# Directions for this task:
Starting with the line that holds "The wooden bridge, where" and stopping after the line that holds "配成品近视眼镜男 钻石切边无框眼睛架平光变色丹阳防辐射眼镜女", repeat the lines below word for word, without the pictures.

# Records shown:
[Start of section]
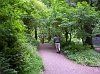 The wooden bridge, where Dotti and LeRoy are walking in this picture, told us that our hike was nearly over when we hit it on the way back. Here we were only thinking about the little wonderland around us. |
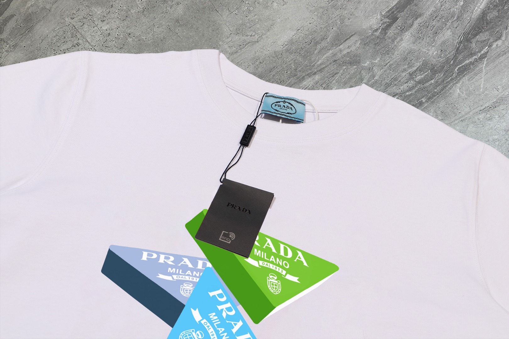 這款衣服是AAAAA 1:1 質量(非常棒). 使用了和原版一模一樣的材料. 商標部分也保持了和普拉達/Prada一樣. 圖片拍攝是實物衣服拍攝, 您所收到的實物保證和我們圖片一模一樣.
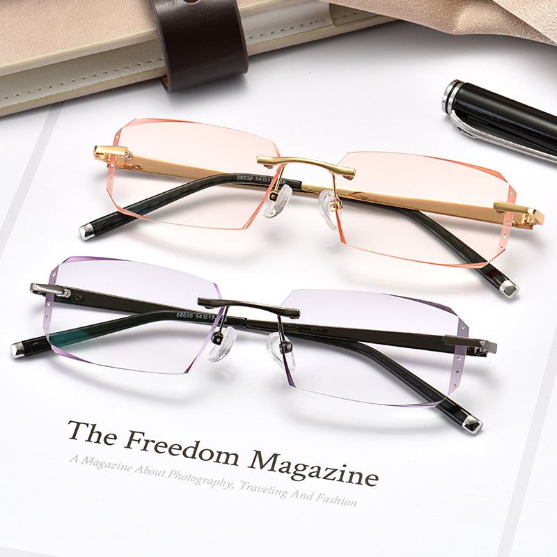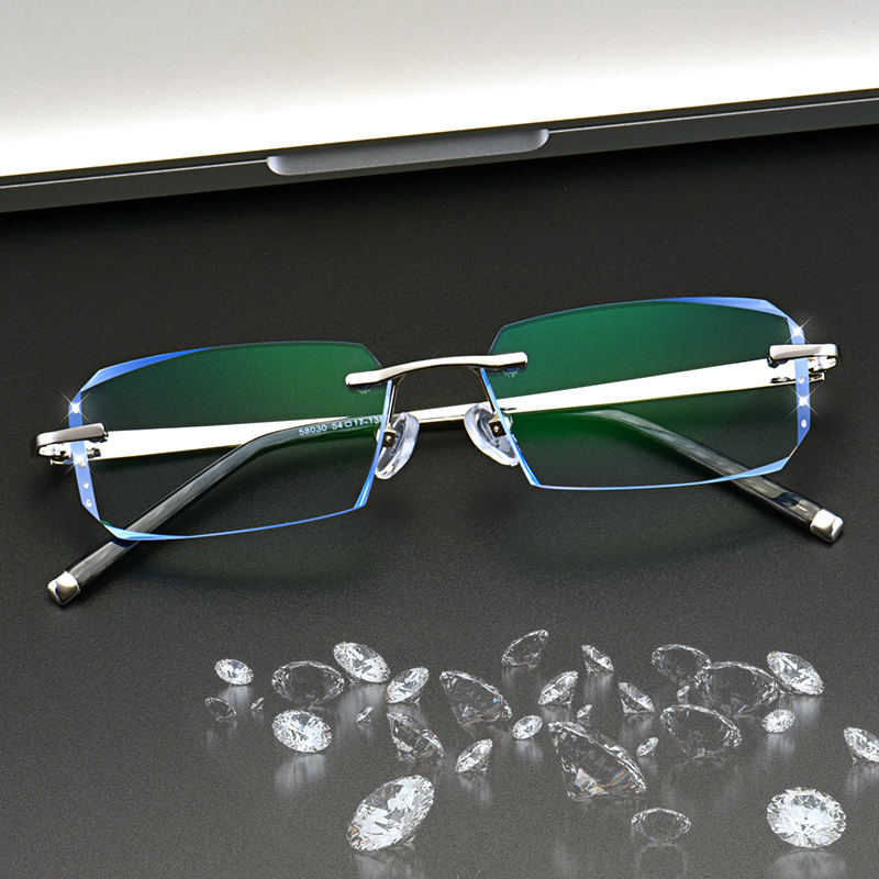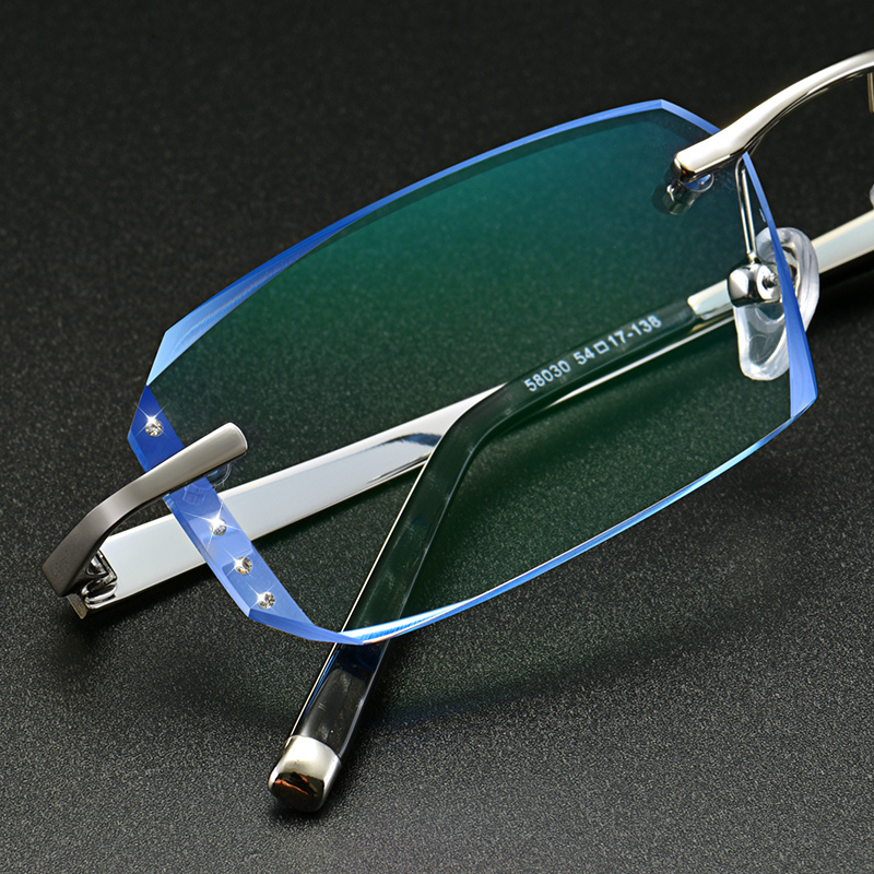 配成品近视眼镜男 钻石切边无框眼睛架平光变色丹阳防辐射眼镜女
[End of section]
[Start of section]
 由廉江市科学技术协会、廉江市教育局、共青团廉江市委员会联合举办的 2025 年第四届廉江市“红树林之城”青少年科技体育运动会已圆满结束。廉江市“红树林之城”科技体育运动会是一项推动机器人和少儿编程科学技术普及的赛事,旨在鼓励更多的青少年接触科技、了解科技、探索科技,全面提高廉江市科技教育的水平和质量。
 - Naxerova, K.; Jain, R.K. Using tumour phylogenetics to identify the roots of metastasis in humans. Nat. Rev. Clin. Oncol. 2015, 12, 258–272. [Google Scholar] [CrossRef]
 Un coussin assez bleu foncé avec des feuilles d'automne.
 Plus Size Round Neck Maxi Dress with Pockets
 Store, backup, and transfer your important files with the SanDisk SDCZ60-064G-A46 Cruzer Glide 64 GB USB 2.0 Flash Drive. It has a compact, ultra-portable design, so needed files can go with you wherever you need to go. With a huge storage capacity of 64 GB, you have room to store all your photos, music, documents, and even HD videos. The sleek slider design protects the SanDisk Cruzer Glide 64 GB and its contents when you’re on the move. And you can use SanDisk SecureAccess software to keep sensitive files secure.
[End of section]
[Start of section]
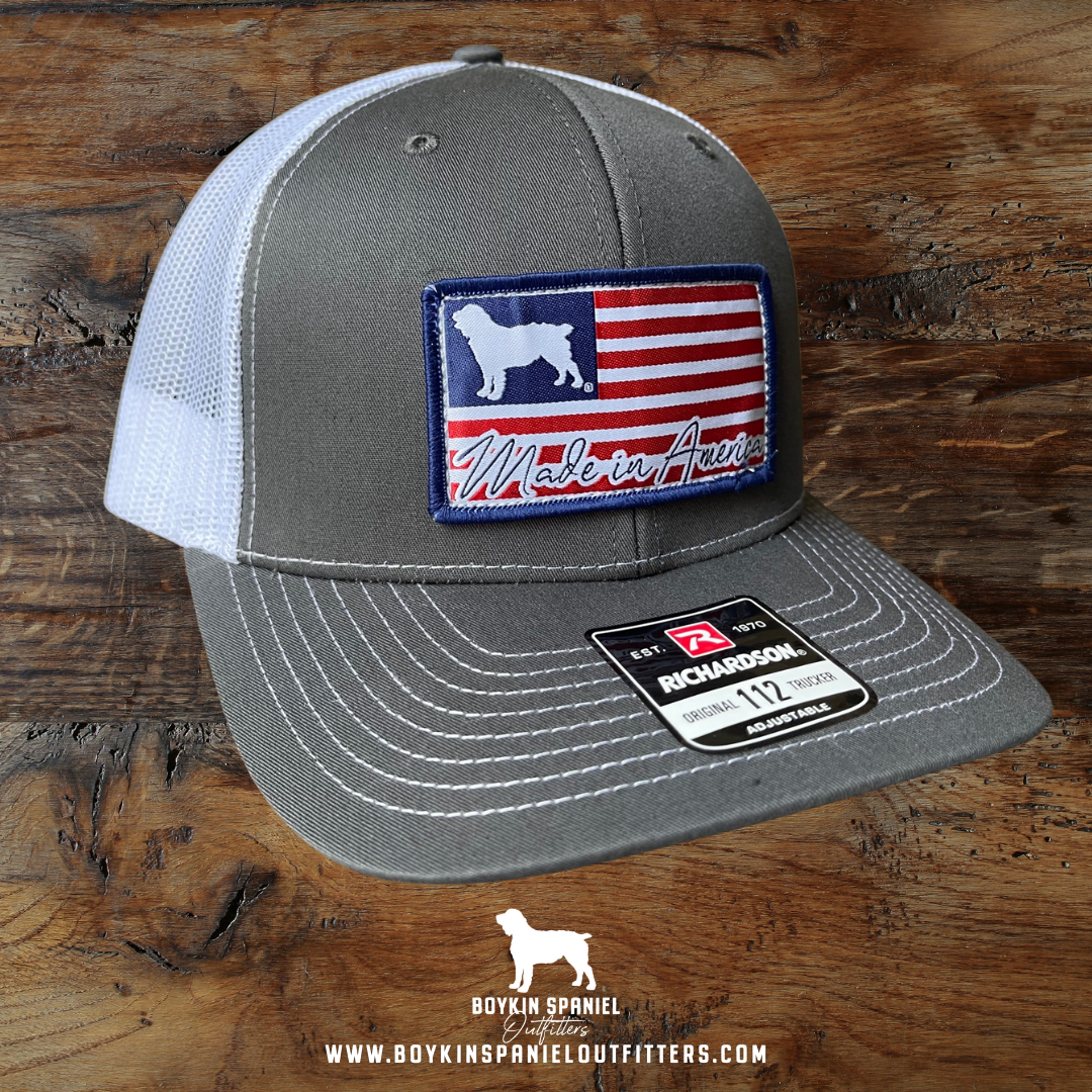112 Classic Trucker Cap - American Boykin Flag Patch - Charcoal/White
[End of section]
# Result of the exercise:
 The wooden bridge, where Dotti and LeRoy are walking in this picture, told us that our hike was nearly over when we hit it on the way back. Here we were only thinking about the little wonderland around us. |
 這款衣服是AAAAA 1:1 質量(非常棒). 使用了和原版一模一樣的材料. 商標部分也保持了和普拉達/Prada一樣. 圖片拍攝是實物衣服拍攝, 您所收到的實物保證和我們圖片一模一樣.
 配成品近视眼镜男 钻石切边无框眼睛架平光变色丹阳防辐射眼镜女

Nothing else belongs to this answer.